Fight earths carbon halo by saying hello to halophytes

Mark Davis
2 min readMay 17, 2020

Three decades ago, while garnering supporters for Greenpeace I naively went into a pub where a group of local yokels felt that mangroves should be turned into something useful like sports fields.

Fifteen years ago, a new property owner complained to council that mangroves were trapping rubbish and attracting crocodiles (but really it was about losing sea views) even though they bought the property with the view already blocked (NIMBY syndrome). On another occasion, a citizen made a similar complaint when their property abutted a marine lake, and mangroves established by their seawall. After pointing out that there was no long-shore drift or a nearby drainage outfall I asked when they did landscaping did they create the ‘island’ at the bottom of their garden? A bright red face answered!

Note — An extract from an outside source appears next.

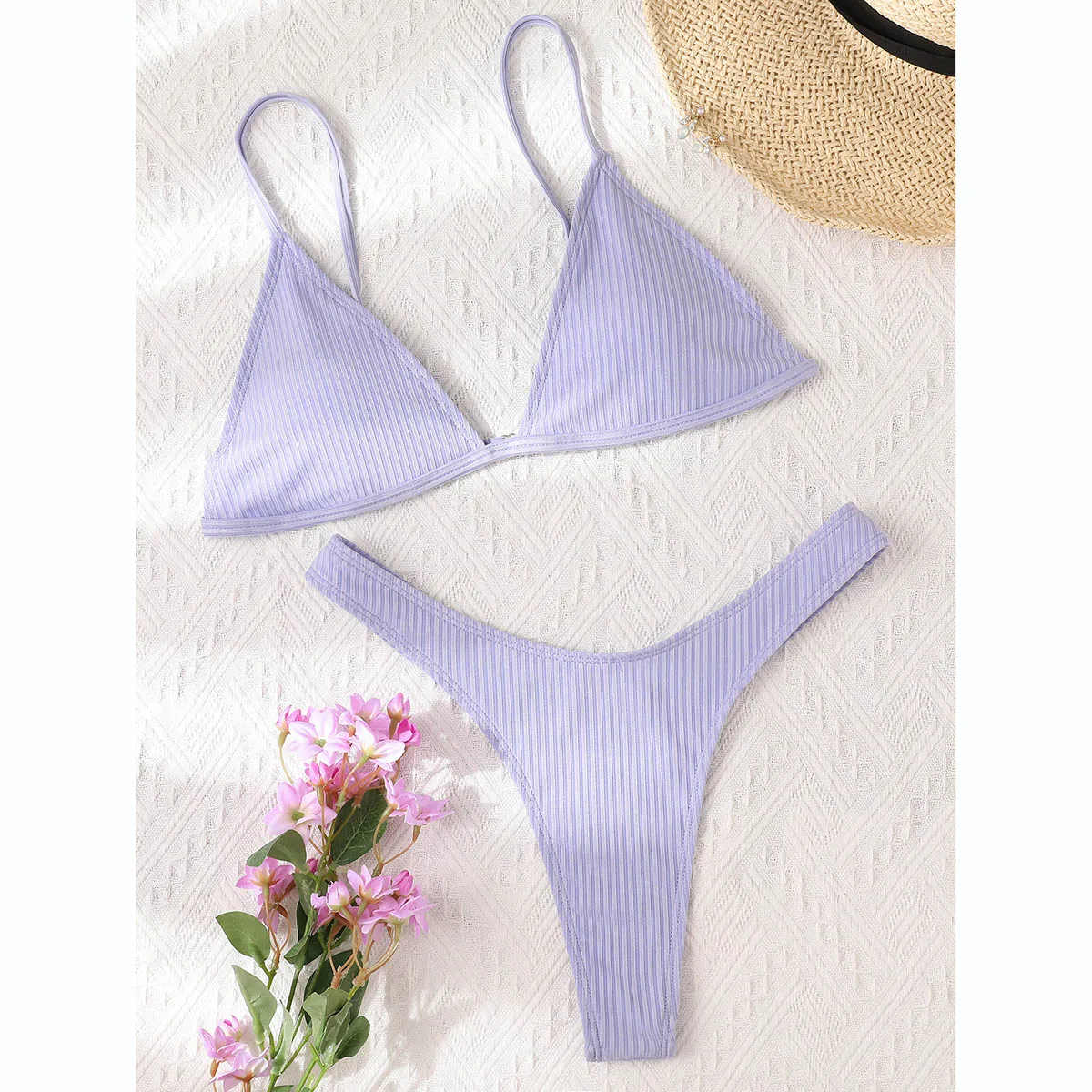 Купальник-бикини женский в рубчик, пикантный базовый купальный кост...

Halophytes (hello fights) are salt tolerant plants such as mangroves, sedges and seagrasses, that not only absorb carbon during photosynthesis but have significant benefits for coastal protection. After the South East Asian Tsunami in 2004, only villages that had retained mangroves survived intact. Given IPCC predicted global average sea level rise (1m by 2100), increased storm tide inundation and salt water intrusion, it makes sense that ecological disaster risk reduction (ecoDRR), as recognised under the Sendai Framework 2015, has a more significant role to play in nature-based resilience building. Billions of dollars of so-called Green Funds are being established to fund climate mitigation and adaptation infrastructure, or renewable energy technologies and hard infrastructure investment. Which begs the question whether it’s really about economic indenture rather than enabling poorer countries to meet climate heightened disasters.

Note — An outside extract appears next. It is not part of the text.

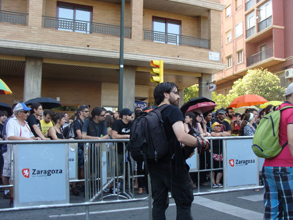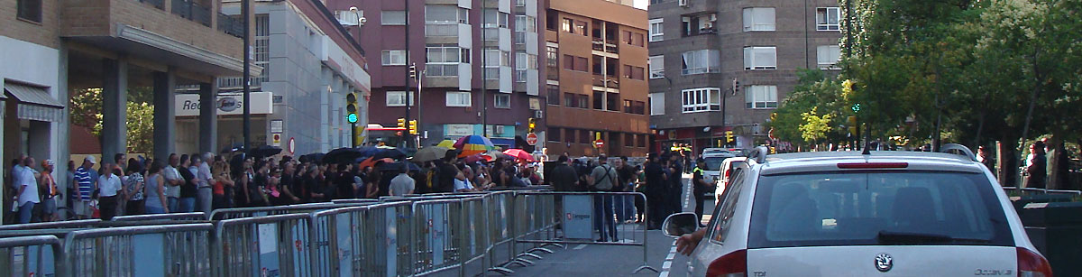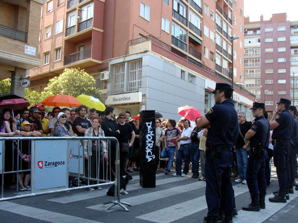 Fotos de las 10 de la mañana. Unas ciento cincuenta personas tras las vallas y frente a un amplio despliegue policial. 10:50 h – 21-6-2011

EcoDRR using cheaper and naturally beneficial capital provides protection, traps erosion sediments, stabilises ‘soils’, aquatic nurseries, and sustainable food and wood resources. With the economic repercussions from the Covid Pandemic impacting poorer countries in particular, the funding for replanting forests in general, as happened during the Depression, and mangroves in particular, is critical.

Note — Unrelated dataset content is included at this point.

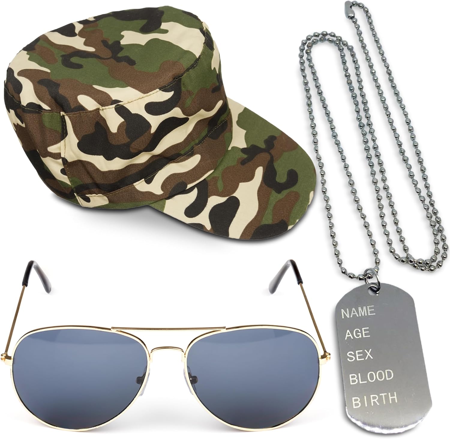 Hey ! Tu cherches un déguisement militaire complet pour une fête, un cosplay ou un événement ? Ce costume est parfait ! Il est neuf avec étiquettes, jamais porté, et comprend une ceinture à balles, un chapeau, des dog tags (plaques d'identité) et des lunettes de soleil. Le tout en vert, style camouflage, thème army. La marque c'est Redstar, taille unique régulière, donc adapté aux hommes et aux femmes. Idéal pour une soirée à thème, un Halloween, ou juste pour s'amuser en groupe. Le style est « tenue complète », donc tu n'as rien d'autre à acheter – tout est inclus. Hyper pratique, confortable, et ça fait son effet. Si tu veux jouer le soldat ou la soldate pour un jour, ce déguisement est top. Prêt à faire sensation !

Developing countries have blindly cleared forests over the last century and ironically created land suitable for mangroves, sterilisation by salinization (salt intrusion) of soils and destroying wetlands and freshwater resources. Now is the perfect time to re-establish/regenerate/rehabilitate/renew natural systems that unlike hard engineered solutions don’t cost the earth (economically speaking), and provide significant environmental, social, spiritual and cultural benefits for humankind and are more planet kind.